6.3 Behavioral profiling

Behavioral Profiling is the way in which the user interacts with the mobile sensors and services. Active authentication systems leverage these interactions to verify the user identity. It has been used for a long time to authenticate users based on their behavioral profile, where the literature of behavioral profiling was concentrated on network-based approaches such as user calling and service provider network to build a user profile Hall:2005 (). Also, some host-based approaches such as application usage and locations were used Li:2011 (). The intuition behind authentication system based on behavioral profiling is to build a profile of user activities over a period of time and compare that profile with the current user profile using some machine learning approaches.
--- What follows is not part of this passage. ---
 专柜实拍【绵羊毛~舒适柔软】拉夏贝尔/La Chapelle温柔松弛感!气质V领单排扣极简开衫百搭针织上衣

Some recent active authentication techniques have been developed based on bahvioral profiling such as in Li:2014 (); kayacik:2014 (); bassu:2013 (); gupta:2012 (). Regarding these methods, we show what is the collected data and how they collect these data. Also, we discuss the feature extraction process in addition to the evaluation methods.

6.3.1 Data collection

One of the most common public dataset that have been used in the literature of behavioral profiling authentication is MIT Reality dataset eagle:2006 (). The MIT Reality dataset contains a rich amount of behavioral profiles sensors for 100 smartphone users from various departments of MIT. The data collected over the period of 9 months and contains sensor data such as call logs, bluetooth devices in proximity, cell tower IDs, application usage. Some proposed authentication system used MIT Reality dataset such as in Li:2014 (); kayacik:2014 (); Shin:2012 (). Other proposed systems have collected data by conducting a study. The evaluation results done by Li et al. Li:2014 () on the MIT Reality dataset achieved FRR of 11.45% and FAR of 4.17% overall the proposed framework.
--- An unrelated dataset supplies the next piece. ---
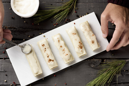 closeup of a young caucasian man preparing some meat stuffed cannelloni on a rustic wooden table
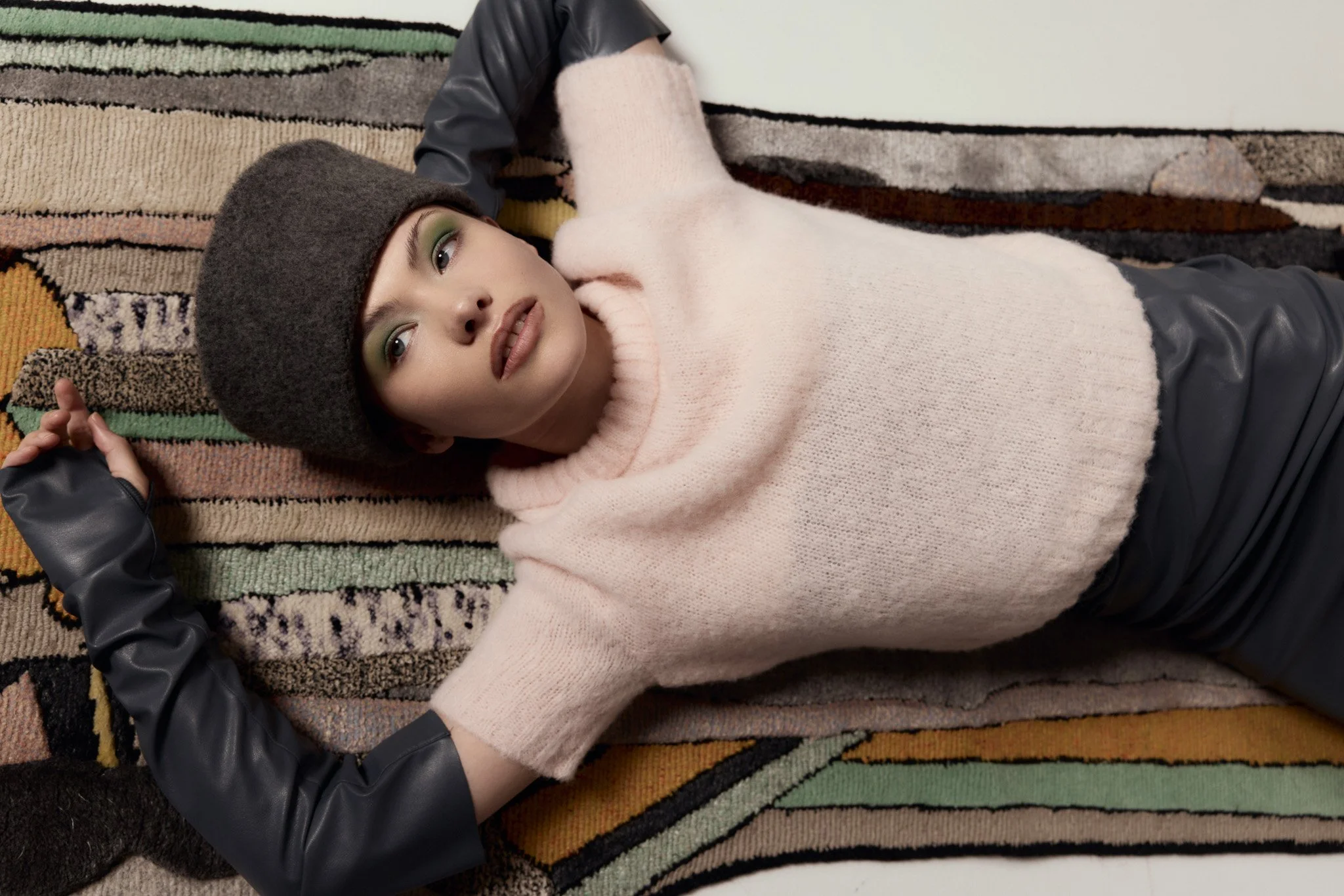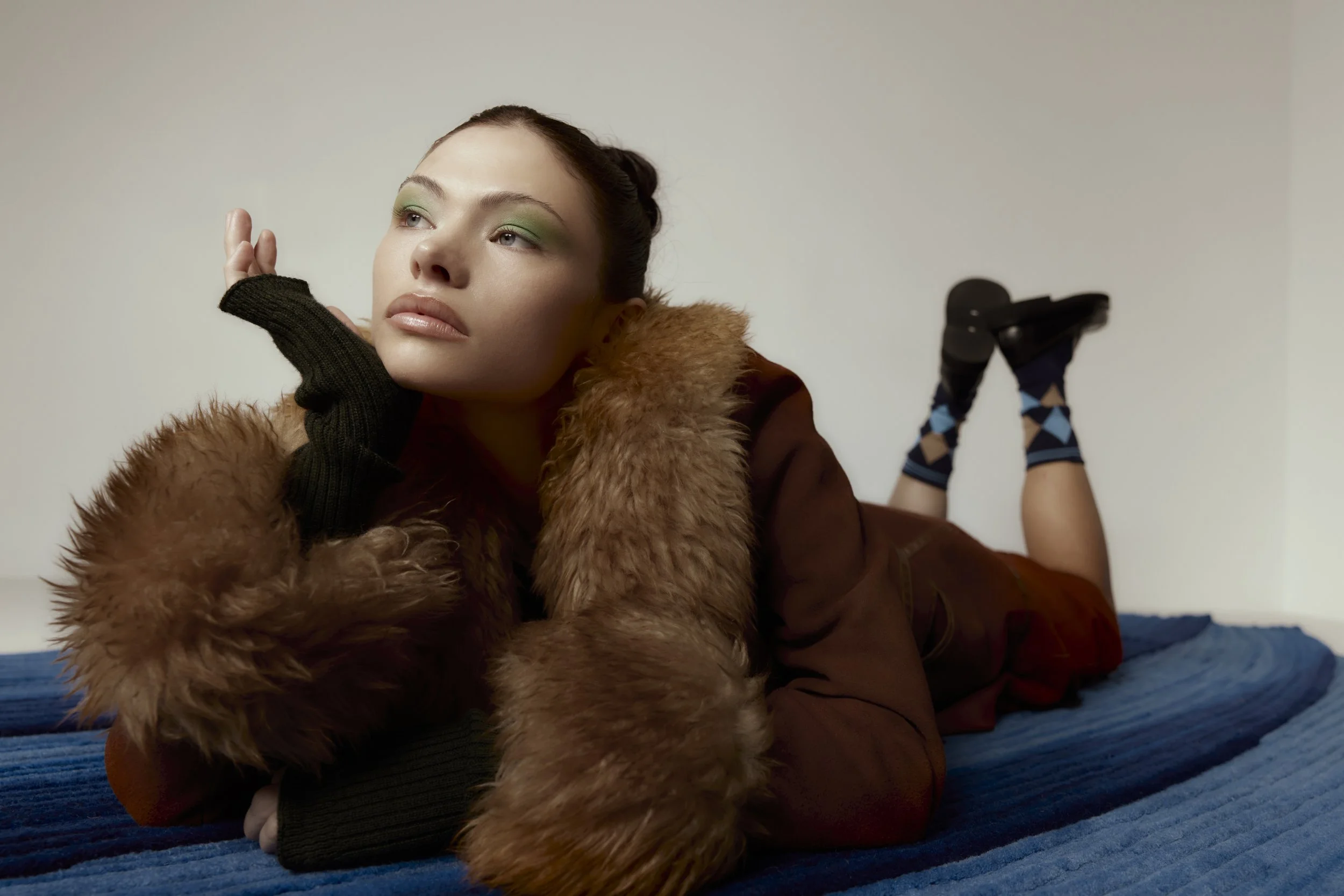 Ursula is wearing a vintage fur trim coat from Tango Vintage, Nom*D knit arm warmers and Scarpa Billie Loafers. CC-Tapis Stoke 1.0 Rug available at Mr Bigglesworthy.

Kayacik et al. kayacik:2014 () proposed a data driven technique that compares the current user profile with the stored one. If the behaviour deviates sufficiently from the established norm, actions such as explicit authentication can be triggered. They evaluated the proposed system using three datasets, GCU, Rice Livelab and MIT Reality. GCU dataset consists of a collection from 7 staff and students of Glasgow Caledonian University. It was collected in 2013 from Android devices and contains sensor data from wifi networks, cell towers, application use, light and sound levels and device system stats. The duration of the data varies from 2 weeks to 14 weeks for different users. Rice Livelab Shepard:2011 () dataset was built over 35 users, all of them were students at Rice University or Houston Community College. The data was collected from iPhone 3GS devices between 2010 and 2011 and contains sensor data such as application use, wifi networks, cell tower IDs, GPS readings, battery usage and accelerometer output. The duration of the data varies from a few days to less than one year for different users.
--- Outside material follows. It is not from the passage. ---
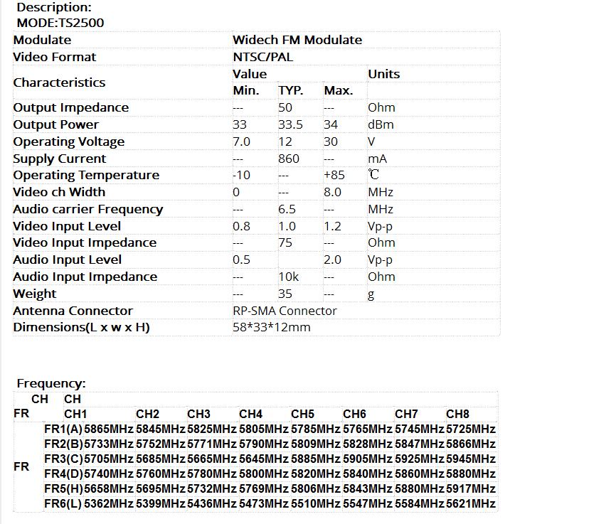 Skywing TS2500 Transmitter 5.8G 2000mW 48CH AV FPV VTX for RC Drone Quadcopter

Shi et al. Shi:2011 () developed a data collection application and posted it in Android marketplace. It has been downloaded by 276 users but only 50 users who kept it for a period of 12 days or more. They formulated their dataset based on the 50 users and they evaluated their proposed algorithm based on them. The dataset contains SMS, Phone calls, Browser history and Location. They used only two metrics to evaluate the proposed algorithm. First metric is the number of times the legitimate user used the device before a failed authentication. Second metric is the number of times the adversary used the device before detection.

Gupta et al. gupta:2012 () conducted several experiments using large-scale data collection tool kiukkonen:2010 (). They built a dataset that contains GPS location traces and regular scans of WiFi and Bluetooth radio environments of a large number of users. They developed contexts of interest (CoIs: a context that is significant to the user) identification algorithm. They evaluated their proposed prototype on the collected dataset which achieved Precision:85 and Recall:91.

Bassu et al. bassu:2013 () developed a new behavioral profiling authentication technique that combined four essential behavioral elements corresponding to what, where, when, and how. Apps usage constitutes the what, location and pace of movement defines where, clock time captures when, and gesture or input-output interactions captures how. They extracted set of features base on spatial and temporal analysis. Then they developed a classification model based on Bayesian classifier. Summary of the proposed behavioral profiling authentication methods is shown in Table 3.

The main advantage of behavioral profiling biometric authentication is the capability of providing continuous and transparent authentication when users interact with their mobile devices, where all profile sensor data could be acquired continuously and without interrupting the user. However, a major weakness is the performance inconsistency when users interact with the mobile phones in an unusual way.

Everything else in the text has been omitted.